The Directorate-General of Budget, Accounting and Statistics (DGBAS) yesterday cut its forecast for Taiwan’s GDP growth this year to 2.19 percent, from a 2.27 percent estimate in February, as exports proved weaker last quarter and private consumption failed to lend support.
Poor economic data warranted the downward revision after the decline in exports turned out to be deeper than expected, DGBAS Minister Chu Tzer-ming (朱澤民) told a news conference.
The nation’s export-reliant economy expanded 1.71 percent year-on-year in the first quarter, slower than the 1.72 percent annual increase the agency reported on April 30.
Exports, equivalent to 60 percent of domestic GDP, are now expected to remain in the negative for the entire year, rather than eking out fractional growth, after Washington on May 10 raised tariffs on an additional US$20 billion of Chinese goods, the agency said in a report.
“The forecast has not factored in pending tariffs valued at US$325 billion or the US’ ban on Huawei Technologies Co (華為),” Chu said.

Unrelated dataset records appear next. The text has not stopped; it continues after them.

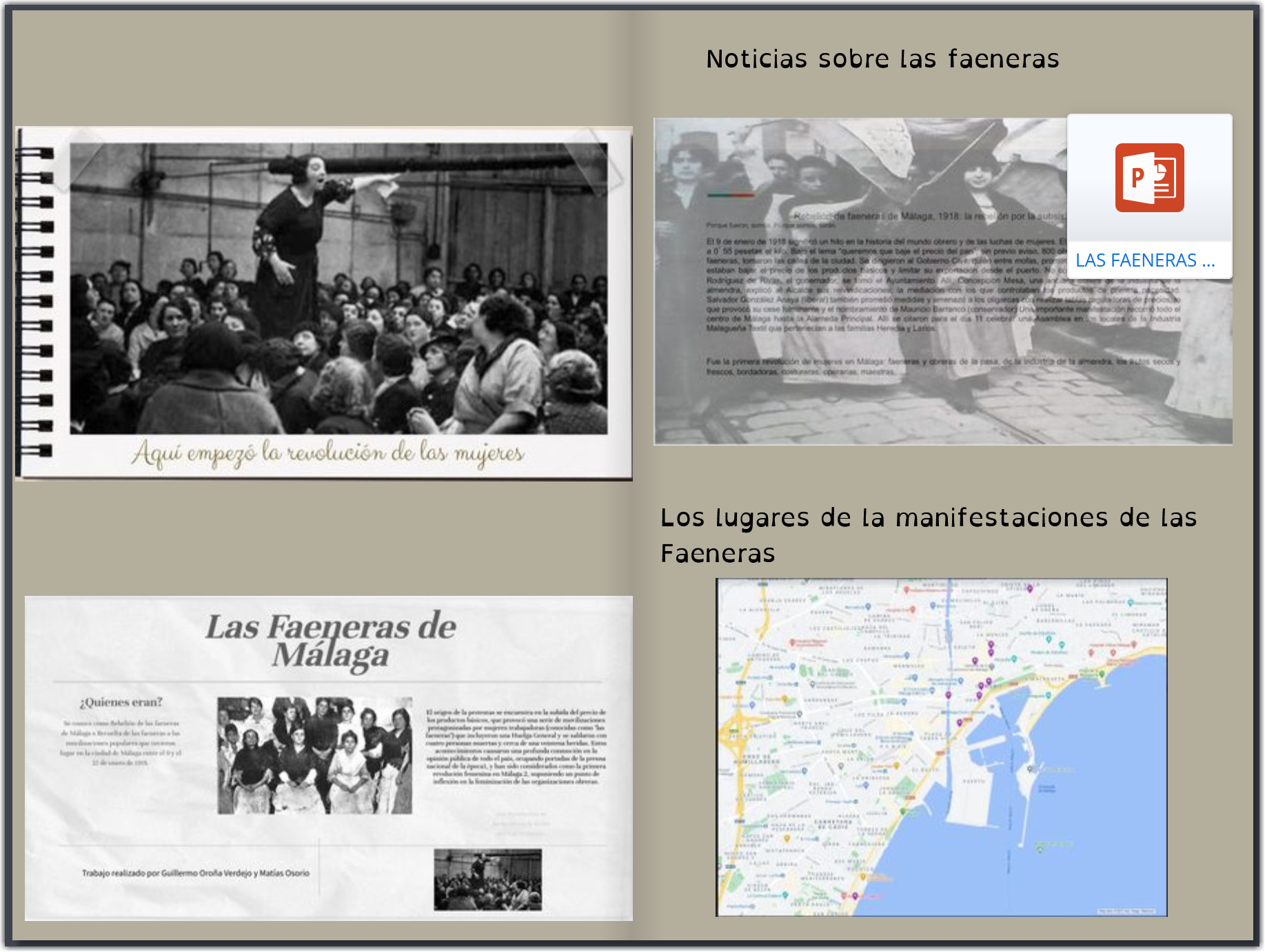 - Plantearon el juego antes y después con genially. Fotos de Málaga y sus lugares en esa época y en la actualidad.
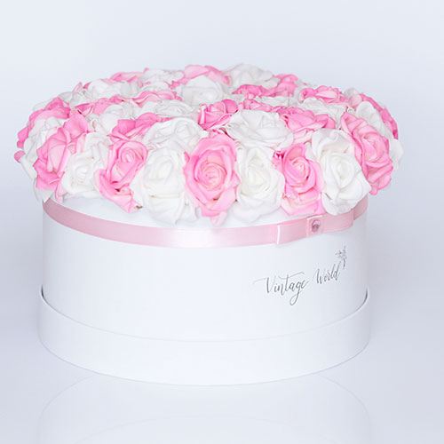 Just like South Florida’s premier vacation destination, our 35 pieces Miami foam rose box is exclusive and unique. Amazing mixture of white and pink foam roses sitting in a beautiful white box: an elegant and lovely way to show our love.
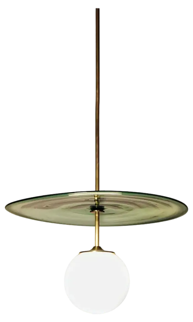 Plat pendant 45/47 by contain dimensions: ø 45/7 x h 100 cm (custom length). Materials: brass structure, opal glass and blown glass from local production. Available in different finishes. Available in two diferents diameters: 40/42 cm ø x (custom length) / 45/47 cm ø x (custom length). Please contact us. All our lamps can be wired according to each country. If sold to the usa it will be wired for the usa for instance. up to 250v (europe/uk standard).
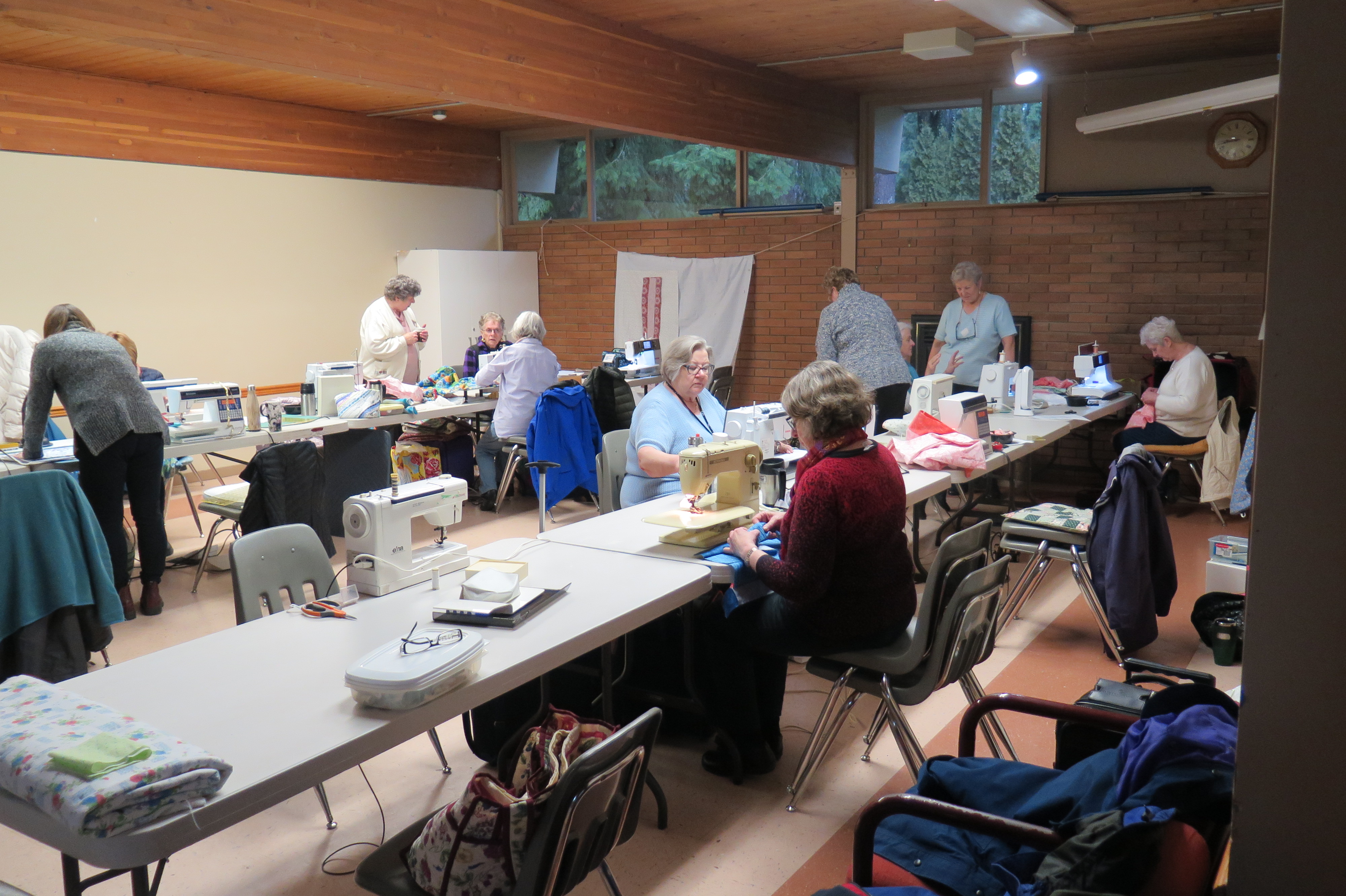 Our Community Quilt Day on January 29 was attended by over twenty members. On a dark and rainy day, the church hall was a warm and friendly place to hang out and sew together.

Taiwan is home to major technology companies with deep participation in the global supply chains for smartphones, laptops and other consumer electronics.
The agency declined to comment on whether the slowdown has hit bottom, saying that the situation last month showed signs of improvement, but uncertainty flared up again this month.

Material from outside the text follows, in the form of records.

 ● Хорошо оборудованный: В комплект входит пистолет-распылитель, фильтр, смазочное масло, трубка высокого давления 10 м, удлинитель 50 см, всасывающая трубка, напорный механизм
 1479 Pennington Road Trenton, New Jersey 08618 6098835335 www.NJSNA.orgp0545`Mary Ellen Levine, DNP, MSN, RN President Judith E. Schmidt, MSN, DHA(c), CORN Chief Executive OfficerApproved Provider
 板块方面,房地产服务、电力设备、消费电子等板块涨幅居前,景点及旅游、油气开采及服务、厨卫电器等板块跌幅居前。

International research institutes have trimmed projections for global GDP and trade growth, leaving a less favorable situation for Taiwan, Chu said.
External demand eroded GDP growth by 0.01 percentage points in the January-to-March period, the report said.

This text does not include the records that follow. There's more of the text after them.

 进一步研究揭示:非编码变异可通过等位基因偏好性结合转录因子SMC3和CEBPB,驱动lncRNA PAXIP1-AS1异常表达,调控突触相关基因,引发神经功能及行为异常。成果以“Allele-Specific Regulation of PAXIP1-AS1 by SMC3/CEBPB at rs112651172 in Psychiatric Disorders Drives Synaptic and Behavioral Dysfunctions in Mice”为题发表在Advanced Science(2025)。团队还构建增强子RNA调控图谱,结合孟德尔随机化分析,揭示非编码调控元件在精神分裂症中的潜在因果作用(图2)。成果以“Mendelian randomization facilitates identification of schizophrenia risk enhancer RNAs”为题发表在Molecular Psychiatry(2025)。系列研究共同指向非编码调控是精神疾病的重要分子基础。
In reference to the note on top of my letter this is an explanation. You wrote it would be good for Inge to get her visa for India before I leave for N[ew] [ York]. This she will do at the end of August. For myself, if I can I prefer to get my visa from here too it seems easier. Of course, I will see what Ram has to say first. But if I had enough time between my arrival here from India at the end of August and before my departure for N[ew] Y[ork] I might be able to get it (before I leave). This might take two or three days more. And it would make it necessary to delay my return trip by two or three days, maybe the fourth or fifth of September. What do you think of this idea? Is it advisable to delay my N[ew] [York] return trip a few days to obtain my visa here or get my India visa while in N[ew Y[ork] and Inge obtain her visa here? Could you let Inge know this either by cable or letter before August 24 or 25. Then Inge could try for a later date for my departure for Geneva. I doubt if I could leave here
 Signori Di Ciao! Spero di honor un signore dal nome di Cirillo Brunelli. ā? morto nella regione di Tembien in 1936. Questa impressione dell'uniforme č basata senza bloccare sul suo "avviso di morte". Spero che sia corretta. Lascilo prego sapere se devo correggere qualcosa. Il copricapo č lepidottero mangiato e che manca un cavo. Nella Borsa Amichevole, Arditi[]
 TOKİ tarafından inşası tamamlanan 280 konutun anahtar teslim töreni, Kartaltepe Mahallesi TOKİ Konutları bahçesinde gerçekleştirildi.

Although private consumption posted a 1.32 percent gain, it missed the February forecast by 0.47 percentage points, he said.
Sales of cars and smartphones disappointed, while daily stock turnover tumbled 23.76 percent from a year earlier, meaning lackluster brokerage fees, the report said.
A US-China trade war is driving investors to the sidelines, as evidenced by the fast flight of foreign funds from the local bourse, it said.
Foreign institutional investors have this month slashed NT$118.23 billion (US$3.75 billion) in local holdings, Taiwan Stock Exchange data showed.
However, there is a silver lining from the trade war, as some Taiwanese firms in China have been moving production back to Taiwan, significantly boosting private investment, Chu said.
The GDP component last quarter rose 6.45 percent, thanks to active purchases of capital equipment by local semiconductor firms, he said.
More than 55 companies have filed plans to relocate manufacturing facilities from China, which would bring home investment totaling more than NT$310 billion, DGBAS official Jasmine Mei (梅家瑗) said, adding that the trend has helped ease the pain of the trade war.
As a result, the agency raised its forecast for capital formation by 0.39 percentage points to an increase of 5.39 percent this year, aided by expenditure by the government and public enterprises.